> _Problem description_
Below is a listing with pictures in it; transcribe exactly the lines from the one that has "Like me, Jac" through the one that has "이를 다룬 노래였음에도", and omit those pictures.

▬▬▬

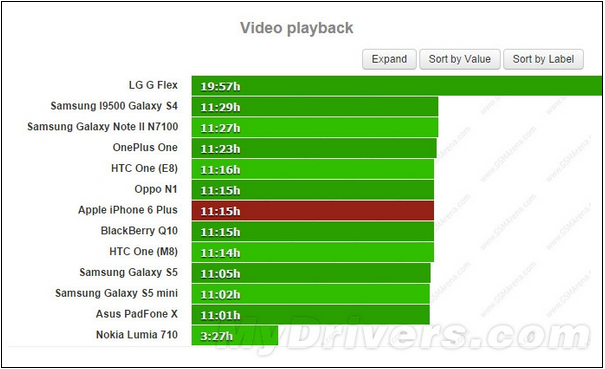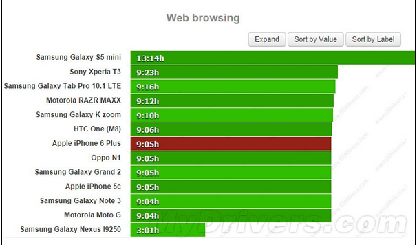 另外gsmarena表示在其大屏智能手機續(xù)航數(shù)據(jù)庫中,iPhone 6 Plus的續(xù)航表現(xiàn)可以排名前十。
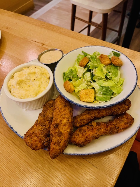 Like me, Jac was all over the menu and had to land the plane if she ever wanted to eat dinner that evening. She settled on the “bee-dusted” chicken tenders, hoping it meant the honey sweetness would really shine through the breading. But … it didn’t. Her tastebuds searched again and again, but nary a sweet morsel could she find.
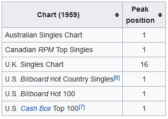 이를 다룬 노래였음에도 영국 싱글차트 16위에 올랐을 정도였고, 당연히 미국 빌보드 컨트리 싱글 차트 1위, 빌보드 Hot 100차트 1위, 1959년 연간 빌보드 누적 차트 1위를 기록한다.
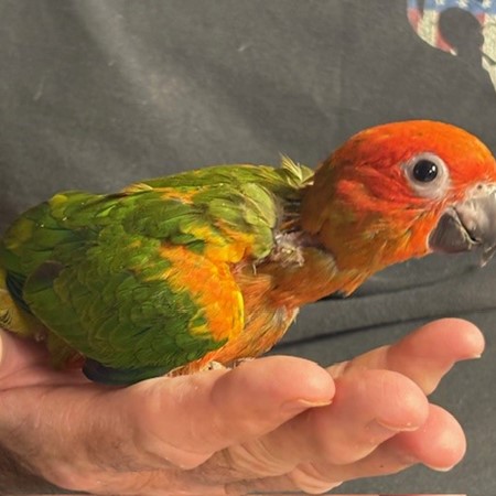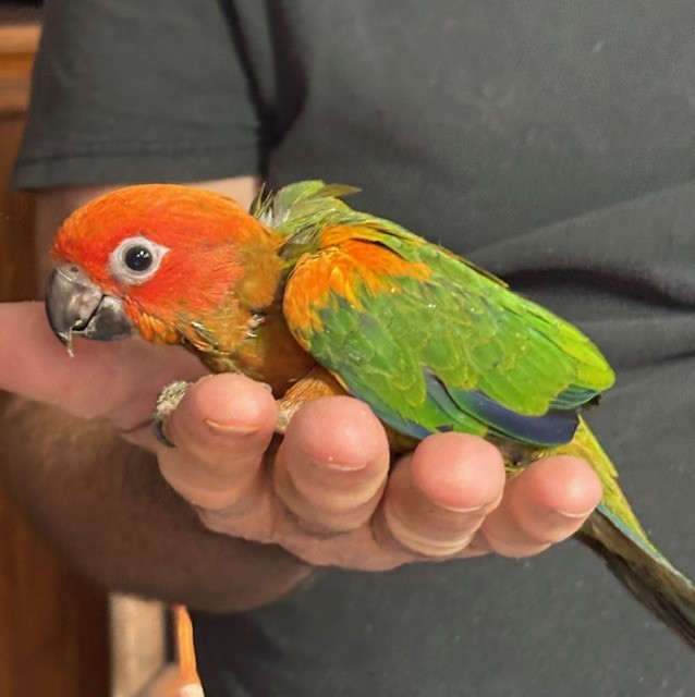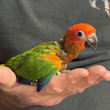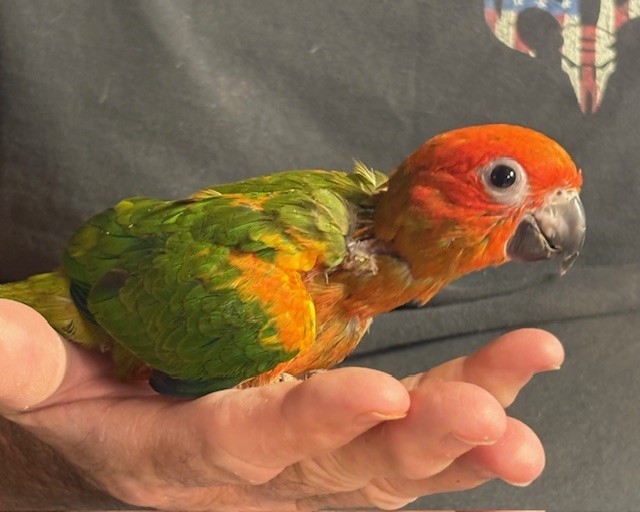 Red Factor Sun Conure - DNA Male - being hand fed at this time - $700 weaned - will be weaned to eat a pellet diet - $50 deposit will hold this bird until it is weaned and eating well on its own and ready to be shipped. Shipping is with Delta Airlines for $165 and the shipping container is $35. Payment through Zelle or PayPal. 313 O
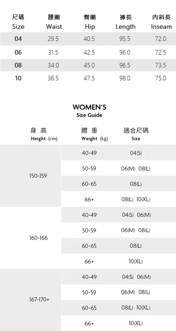 ※ 身高、體重與尺寸沒有絕對的關係,建議依照您個人穿著習慣及身形選購。
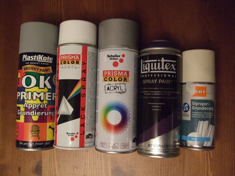 - Sprühfarben (Grundierung noch mindestens halb voll, Weiss noch 10-20%, Silber ~50%, Lila von Liquitex min 50% kein Cap, Styro Grund ~50%).
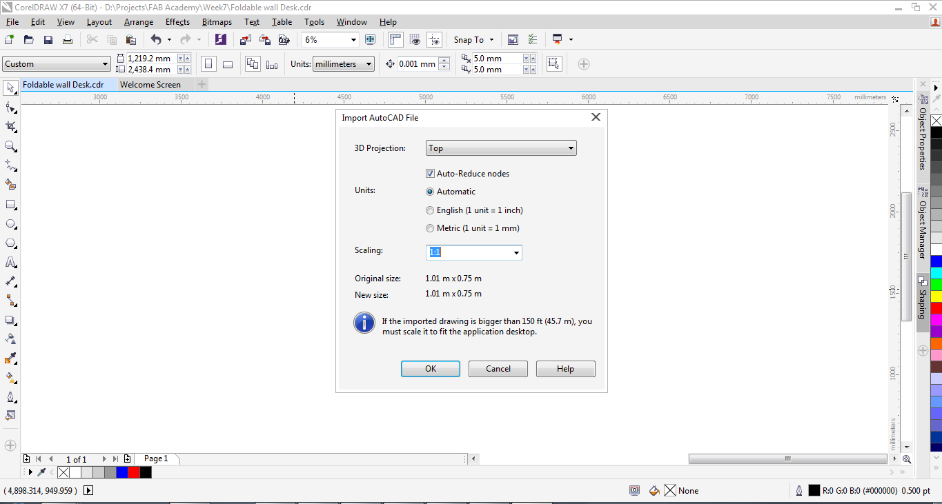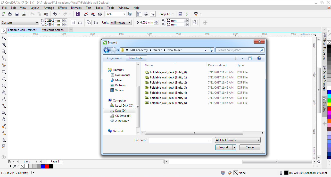 In order to get it into Corel Draw, I had to import the dxf files to corel draw. This is the procedure;

▬▬▬

> _Response area_
 Like me, Jac was all over the menu and had to land the plane if she ever wanted to eat dinner that evening. She settled on the “bee-dusted” chicken tenders, hoping it meant the honey sweetness would really shine through the breading. But … it didn’t. Her tastebuds searched again and again, but nary a sweet morsel could she find.
 이를 다룬 노래였음에도 영국 싱글차트 16위에 올랐을 정도였고, 당연히 미국 빌보드 컨트리 싱글 차트 1위, 빌보드 Hot 100차트 1위, 1959년 연간 빌보드 누적 차트 1위를 기록한다.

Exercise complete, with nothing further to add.